Largest increase in SNAP history recognizes higher grocery costs, program’s potential to boost economy
Beginning in October, SNAP beneficiaries will receive on average $36.24 more per person per month – representing a near 30 percentage point increase over average pre-pandemic levels of $121 per person. This increase excludes additional funds provided as part of the pandemic relief.
The increase is based on a reevaluation of the Thrifty Food Plan, which tracks the cost of groceries for a family of four to consume a healthy, cost-conscious diet at home. The TFP was last updated in 2006, since which USDA notes dietary guidance, food prices and what Americans eat has changed dramatically.
For example, USDA notes, “the revised plan includes more fish and red and orange vegetables to align with recommendations in the Dietary Guidelines for Americans, 2020-2025,” and it was calculated using updated purchasing data from stores to better reflect the actual cost of groceries.
The review and ultimate increase come at the behest of Congress, which mandated in the 2018 Farm Bill that USDA reevaluate the TFP by 2022 and every following five years based on “current food prices, food composition data, consumption patterns and dietary guidance.”
An Executive Ordered signed by President Joe Biden in January reinforced this directive and allowed states to increase SNAP emergency allotments for beneficiaries who previously did not qualify under coronavirus relief bills for additional benefits. Those bills increased the number of people who qualified for maximum benefits, but did not raise levels for the 40% of recipients who already received benefits.

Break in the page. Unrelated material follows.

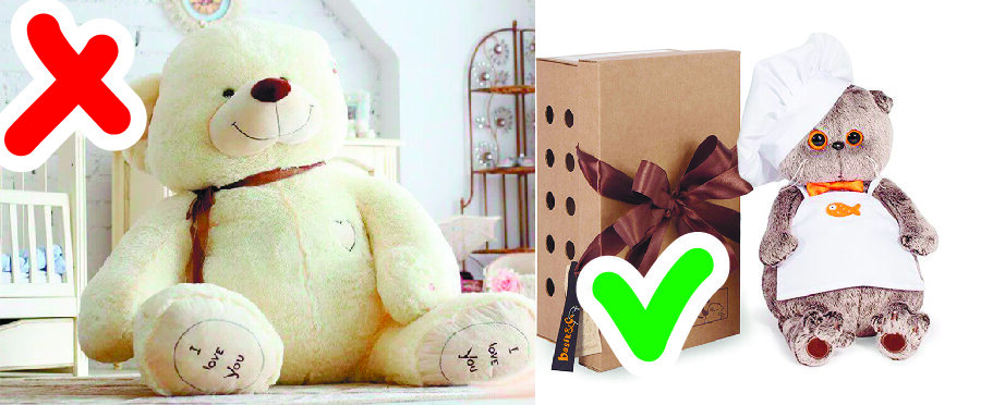 Вместо большой "ноунейм" мягкой игрушки лучше подарить качественную небольшую. Мои дети, например, в восторге от "Басиков", другие мягкие игрушки почти не достают.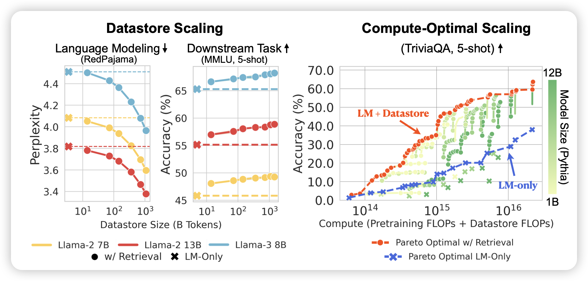 刘奕群老师之前做过一个RAG的scaling law研究,刚刚拿了best paper。今天这个也是研究RAG中的dataset-size scaling,更进一步,作者还研究了同时考虑训练flop和inference flop下的最优模型参数,发现和LLM-only的模式是不同的。

While this increase is not tied directly to pandemic relief, it comes at a time when food insecurity in America has surged due to job losses and other pressures experienced during lockdowns and other safety measures designed to slow the spread of COVID-19.
The increase also comes as some states are ending emergency pandemic-related benefit increases – a move that could limit some Americans purchasing power before they have financially recovered from the pandemic.
Finally, the increase comes after recently released research revealed that 90% of SNAP beneficiaries face significant hurdles in accessing sufficient healthy food, including the higher cost of healthy food and running out of benefits before the end of the month.
A controversial move
While the increase likely will help more than beneficiaries as the money is quickly spent at retailers and in local economies to allow potentially for the creation of new jobs, the change was not universally viewed positively.
Republican leaders on Friday asked the Government Accountability Office to investigate how the TFP was updated and how the methodologies currently used compare to previous review cycles, which have held the TFP at “cost-neutral” for the past four updates.
Meanwhile, members of the House Agriculture Subcommittee on Nutrition, Oversight and Department Operations urged USDA in an Aug. 11 letter to not hold the TFP at cost-neutral – citing “substantial and growing evidence that the cost of the Thrifty Food Plan is inadequate to support a nutritious diet.”